The Bloomsbury Review - Jan-Feb, 2000

     A child dies, and lives are forever altered.  Not just those of the present generation, but into the next generation, and the next.  A person’s perspective changes.
     I know that as winter days go, this one glistens.  I know that the sun ignites flares on the blades of your skates, that the sky is cerulean, that silver dust sprays from the prow of your feet … I know that your figures are flawless, that you leap and land with weightless grace.
     But you see that I see almost none of this.  In these years since Anna died, your vantage point and mine have become misaligned.  My sights have dropped to a hair’s-breadth above the ground.  I gauge the ice to be only a fine cold line between exhilaration and peril.  I hover over its surface, magnifying figures in its cross-hatched crust, detecting beneath it black water that waits.

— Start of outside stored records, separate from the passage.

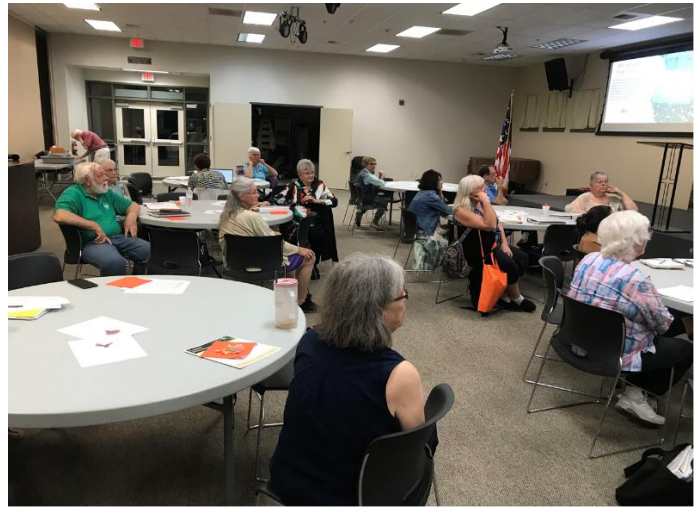
Some of our attending members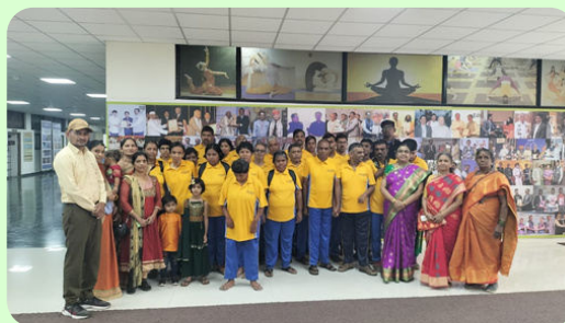
Our Friends participated in Jalosh, a programme organised by the Suryadatta Group of Institutes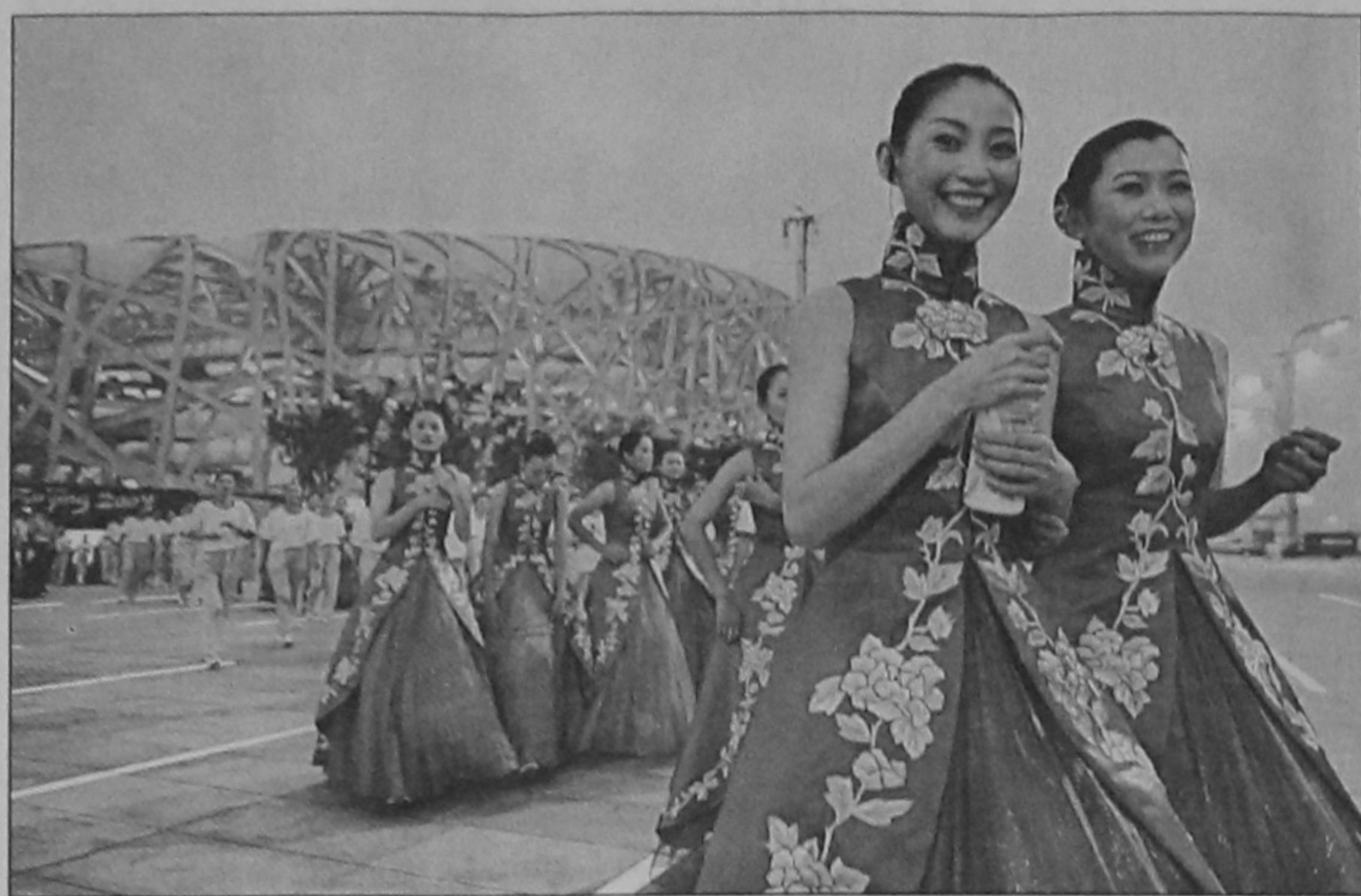
Chinese performers leave the National Stadium which is also known as the "Bird's Nest" for a rehearsal of the Olympic opening ceremony in Beijing yesterday. More than 10,000 performers have been working on the blockbuster 50-minute show for three years but they have all been sworn to secrecy.

Also Tuesday, a roadside blast that apparently targeted an Afghan senator mediating a land dispute in eastern Paktia province killed three policemen and wounded three others, said Ruhollah Samoon, spokesman for the provincial governor.

     The squeals of toddlers shatter my trance.  Their parents don’t even wrap them against the gouging wind.  I want to tell every mother and father what I learned from Anna: Life teeters on an edge as fine as the blade of a skate.  Be dutiful to your children.  Keep them warm.
     I temper my words.  But I’m shunned for even the most delicate warning.  The optimism of others terrifies me.  Is it I, alone, who knows death is just a cold breath away?
     Lillian Moats, in this fictionalized memoir of three generations, first crawls into the thoughts and fears of Christianna Pemberty, her grandmother, whose oldest child died of whooping cough.  In the next chapter, into the thoughts and fears of her mother, Lisbet.  Then, into her own.  She traces with exquisite  metaphor and sensitivity the dramatic onslaught of her mental illness.  She does it with compassion for the fragile yet unbreakable threads that weave through and around their three lives.  She lays no blame.
     This is not the typical recovery narrative replete with self-absorbed sordid details, realization, and backhanded accusations.  This is a beautiful, brief book in which the reader is not told about the lives or complexes that “funneled” into her own, but rather is shown, subtly, how grief, guilt, and unassuageable fear can find and wind their way, unintentionally, through the psyches and emotions of three generations – maybe more.  Its genre, a novel written as if a journal.  Its pace, compelling.  Its images and descriptions, haunting.  Its story, human – the often unspoken but all-to-common tragedy of the death of a child, and its long reach.  Does Lillian Moats give us a way to look into the lives of our mothers and grandmothers, or fathers and grandfathers, and solve the mysteries of our lives, our foibles and successes?  Yes, I think so.  Does she offer us a rare and altered vantage point?  Yes, especially if we are willing to step softly, with empathy, into our ancestors’ biographies.
     Lillian Moats is a writer (a poet), an artist, and a filmmaker.  She is also a brave and generous woman.  Legacy of  Shadows is well worth the devotion of an afternoon or evening, curled up in your favorite chair or comfortable chaise.  Perhaps you have black-and-white family photos, in frilly gold frames or in an album with stiff black paper (and those little white corners).  Pull them out and place them nearby.